Let us draw \(DN \perp AC\) and \(BM \perp AC\).

(i) In \(\Delta DON\) and \(\Delta BOM\),

\(\begin{align} & \angle DNO = \angle BMO = 90^{\circ}\end{align}\) (By construction)

\(\begin{align} & \angle DON = \angle BOM\; \end{align}\) (Vertically opposite angles are equal)

\(\begin{align} & OD = OB\;\end{align}\) (Given)

By AAS congruence rule,

\[\begin{align} \Delta DON & \cong \Delta BOM \\ DN &= BM \; \ldots (1)\end{align}\]

We know that congruent triangles have equal areas.

\[\text{ar} (\Delta DON)\!=\!\text{ar} (\Delta BOM) \ldots (2)\]

In \(\Delta DNC\) and \(\Delta BMA\),

\(\begin{align} & \angle DNC = \angle BMA = 90^{\circ} \;\end{align}\) (By construction of perpendicular bisectors)

\(\begin{align} & CD = AB \;\end{align}\) (Given)

\(DN = BM\) [Using Equation (1)]

**NOTE:** RHS Congruence rule illustrates that, if the hypotenuse and one side of right angled triangle are equal to the corresponding hypotenuse and one side of another right angled triangle; then both the right angled triangle are said to be congruent.

\[\begin{align} \Delta DNC &\cong \Delta BMA\\(\text {RHS congru}&\text{ence rule}) \\ \text {ar} (\Delta DNC) &= \text {ar} (\Delta BMA) \ldots(3) \end{align}\]

On adding Equations (\(2\)) and (\(3\)), we obtain

\[\left[ \begin{array}{l}{\rm{ar}}(\Delta DON) + \\{\rm{ar}}(\Delta DNC)\end{array} \right]\!\!=\!\!\left[ \begin{array}{l}{\rm{ar}}(\Delta BOM) + \\{\rm{ar}}(\Delta BMA)\end{array} \right]\]

Therefore, \(\text{Area }(\Delta DOC) = \text{Area }(\Delta AOB)\)

(ii) We obtained,

\(\begin{align}& \text{Area }(\Delta DOC) = \text{Area }(\Delta AOB) \end{align}\)

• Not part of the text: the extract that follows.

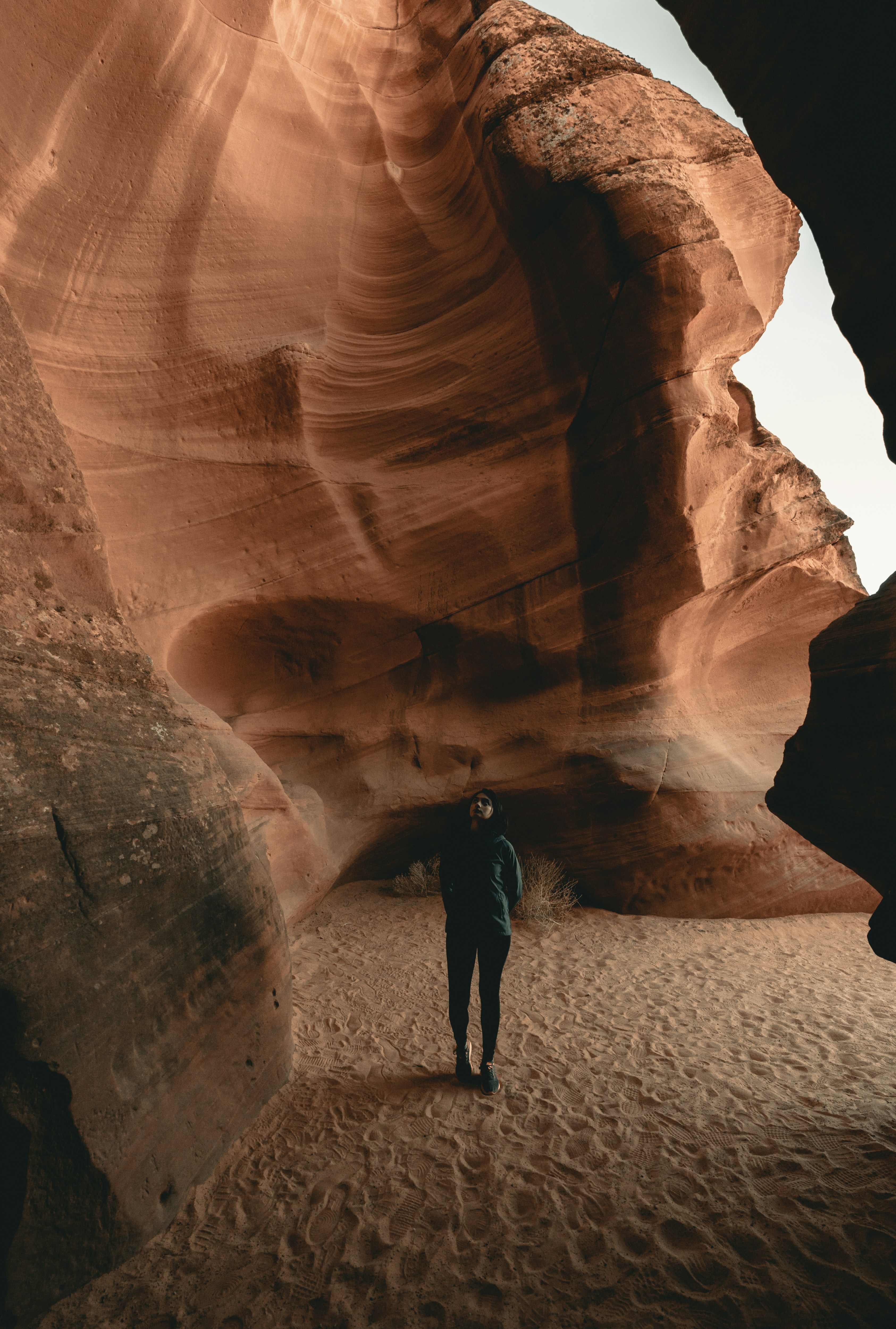 Person Walking Near Rock Formation Hd Image Wallpapers

\[\therefore\left[ \begin{array}{l}{\rm{ar}}(\Delta DOC) + \\{\rm{ar}}(\Delta OCB)\end{array} \right]\!\!=\!\!\left[ \begin{array}{l}{\rm{ar}}(\Delta AOB) + \\{\rm{ar}}(\Delta OCB)\end{array} \right]\]

Adding Area \((\Delta OCB)\) to both sides

\[\begin{align} & \therefore \text {ar} (\Delta DCB) = \text {ar} (\Delta ACB) \end{align}\]

(iii) We obtained,

\[\text{ar}(\Delta DCB)\!\!=\!\!\text{ar}(\Delta ACB)\]

If** **Two triangles having the same base (or equal bases) and equal areas lie between the same parallels.

\[\therefore DA \|CB \; \ldots (4) \]

In quadrilateral \(ABCD\), one pair of opposite sides is equal \((AB = CD)\) and the other pair of opposite sides is parallel \((DA\|CB)\).

Therefore, \(ABCD\) is a parallelogram.